__Required action__
One exact copy of the listing is needed. It should contain no pictures.

__Data shown__
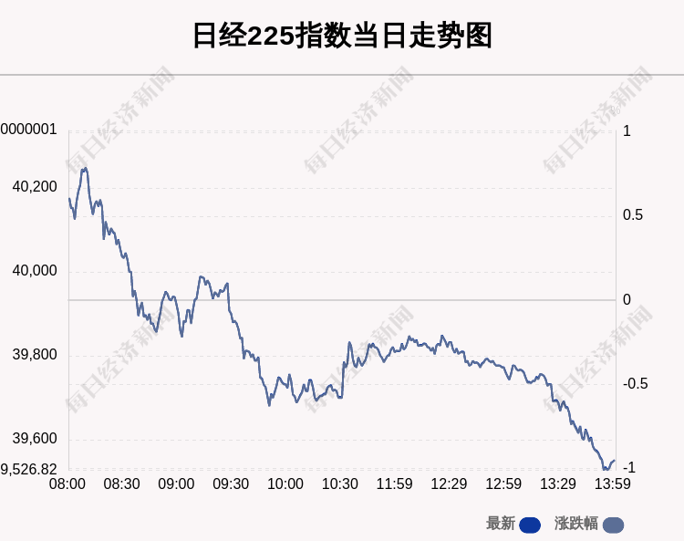 北京时间1月27日14:00,日经225指数收盘下跌380.84点,跌幅为0.95%,报39551.14点。
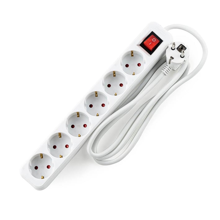Portable multiple socket outlets with 6-way shuttered outlets. And 2-pole disconnection switch
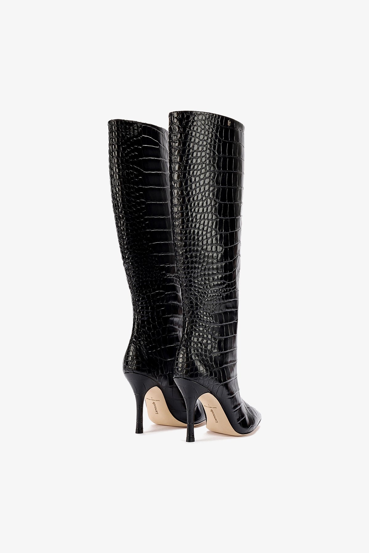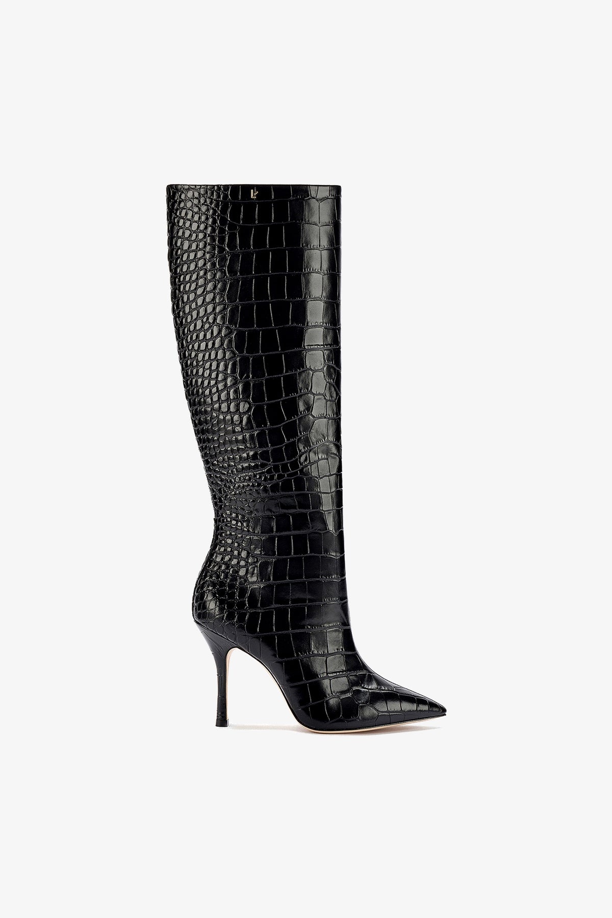 Crafted from the most beautifully textured shiny stamped leather, this classic heeled boot is anything but boring. The sleek Larroudé style that elongates a woman's silhouette is one you'll want to show off.
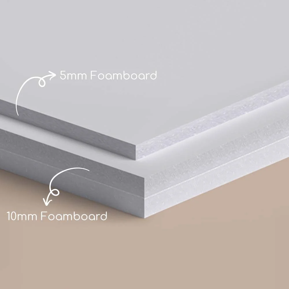 Foamboard prints are perfect for businesses and individuals needing high-quality visuals in a lightweight format. Using high-resolution digital printing, we produce sharp, vibrant images on smooth foam-core boards that are ideal for indoor use. Available in thicknesses like 5mm or 10mm, these boards consist of a dense foam center with paper or plastic-coated surfaces for durability and clarity.

__Exercise response__
 北京时间1月27日14:00,日经225指数收盘下跌380.84点,跌幅为0.95%,报39551.14点。
Portable multiple socket outlets with 6-way shuttered outlets. And 2-pole disconnection switch
 Crafted from the most beautifully textured shiny stamped leather, this classic heeled boot is anything but boring. The sleek Larroudé style that elongates a woman's silhouette is one you'll want to show off.
 Foamboard prints are perfect for businesses and individuals needing high-quality visuals in a lightweight format. Using high-resolution digital printing, we produce sharp, vibrant images on smooth foam-core boards that are ideal for indoor use. Available in thicknesses like 5mm or 10mm, these boards consist of a dense foam center with paper or plastic-coated surfaces for durability and clarity.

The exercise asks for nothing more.